La xenofobia, la última conquista del neoliberalismo.

Las elecciones del domingo en Suecia, con la evolución espectacular de la xenofobia, y los avances de la ultraderecha en Dinamarca, Austria, Polonia, Hungría sin olvidar a Italia y Holanda, el Brexit o los últimos sucesos en Alemania, obligan a abrir en canal el melón de la inmigración y abordar el problema desde todos los ángulos; no solo desde el buenismo político que no es más que el miedo a tomar decisiones duras y de supervivencia social.

Todas las aristas que tiene la inmigración pasan por afrontar el problema social,  desde el dramatismo de los migrantes y, también en parecida medida, desde la confrontación que se genera en los países de destino, donde se ve a los inmigrantes cómo culturas enfrentadas con la local tratando de persistir con sus costumbres y la musulmana , claramente, queriendo cambiar los modos de convivencia que se consiente, políticamente, bajo ese epígrafe totalizador y simplista del respeto a la multiculturalidad.

Las migraciones no solo son un drama personal sino que tienen una componente macroeconómica que explica la poca atención que merecen por parte de los políticos, de uno y otro lado de la frontera migratoria. De una parte, los emigrantes suponen una fuente de financiación para los países de emigración y de destierro, de transferencia de población activa que ayuda a maquillar las cifras del paro conteniendo la situación social y, en muchas ocasiones, evitando el estallido de violencia. Del otro, para los estados de destino, hasta ahora en que ya son problema insostenible, la llamada a inmigrantes ha sido la válvula de seguridad productiva de su economía. Salarios bajos y poco reivindicativos. ¿Qué sería de los invernaderos de Almería?

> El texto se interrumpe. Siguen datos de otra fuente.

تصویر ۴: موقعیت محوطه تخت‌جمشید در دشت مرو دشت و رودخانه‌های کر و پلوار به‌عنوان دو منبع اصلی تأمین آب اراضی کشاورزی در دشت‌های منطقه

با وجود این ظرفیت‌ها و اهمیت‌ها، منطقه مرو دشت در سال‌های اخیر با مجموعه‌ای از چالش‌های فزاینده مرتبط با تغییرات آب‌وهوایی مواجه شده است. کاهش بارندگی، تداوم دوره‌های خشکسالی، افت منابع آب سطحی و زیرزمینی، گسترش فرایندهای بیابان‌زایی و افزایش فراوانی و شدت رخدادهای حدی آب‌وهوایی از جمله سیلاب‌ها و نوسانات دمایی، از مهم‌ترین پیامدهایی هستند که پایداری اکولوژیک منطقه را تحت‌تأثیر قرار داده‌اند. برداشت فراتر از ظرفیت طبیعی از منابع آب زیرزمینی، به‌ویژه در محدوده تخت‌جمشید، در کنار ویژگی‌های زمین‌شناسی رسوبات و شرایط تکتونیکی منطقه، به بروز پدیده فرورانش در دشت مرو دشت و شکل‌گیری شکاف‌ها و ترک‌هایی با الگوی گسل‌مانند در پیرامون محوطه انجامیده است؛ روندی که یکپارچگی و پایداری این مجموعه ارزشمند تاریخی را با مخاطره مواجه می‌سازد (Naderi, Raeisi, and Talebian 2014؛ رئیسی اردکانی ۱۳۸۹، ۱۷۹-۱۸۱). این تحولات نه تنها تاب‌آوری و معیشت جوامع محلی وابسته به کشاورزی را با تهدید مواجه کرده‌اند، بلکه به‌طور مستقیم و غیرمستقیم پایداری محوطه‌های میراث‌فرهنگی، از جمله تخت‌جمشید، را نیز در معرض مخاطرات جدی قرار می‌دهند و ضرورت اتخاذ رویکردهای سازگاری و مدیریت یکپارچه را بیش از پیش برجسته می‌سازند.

El crecimiento desigual al que se refería Samir Amin, escritor político egipcio, fallecido recientemente, ponía el acento en la responsabilidad determinante de las grandes corporaciones multinacionales en el control de los mercados estratégicos y el reparto, y asignación geográfica, de la producción mundial. La economía de escala y la especialización de los países del llamado tercer mundo, a falta de un término más preciso, en monocultores agrícolas con precios sujetos a regulación mundial (sea el café, el cacao, la palma, el maíz para biocombustibles…) distorsionan las economías locales impidiendo su diversificación productiva, que sería lo adecuado para abastecer las necesidades de los mercados nacionales, y el desarrollo local. Esa dependencia económica de las grandes corporaciones convierte a los gobiernos en agentes económicos mezclándose, en el mejor de los casos, Intereses de país y conveniencias personales. Y la situación empeoró desde la generalización de la globalización financiera a través de la que se controla la actividad económica, política y social de las economías nacionales.

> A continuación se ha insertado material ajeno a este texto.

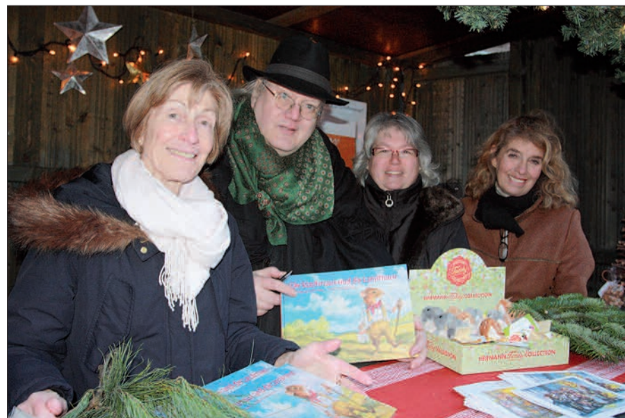
Und gemütlicher Treffpunkt für Angermunder und Nachbarn.

Y las migraciones son el componente débil de esa ecuación macroeconómica. Porque para ese neoliberalismo depredador, como se expresa en “la sociedad del rendimiento”, Sebastian Friedrich y otros (Ed. Katakra, Pamplona, 2018), las migraciones consiguen los perniciosos efectos complementarios de liberar tensión social, en economías poco desarrolladas e hiper-neoliberales, y contribuir a desestructurar sociedades maduras, precarizando el trabajo y la dignidad salarial con el riesgo serio del empobrecimiento de  la sociedad de los servicios sociales, del bienestar.

Mientras que los partidos políticos no elaboren y sustenten un discurso serio, meditado y coherente con la realidad global, sobre la inmigración más allá de forzados voluntarismos, la anti inmigración no hará más que crecer.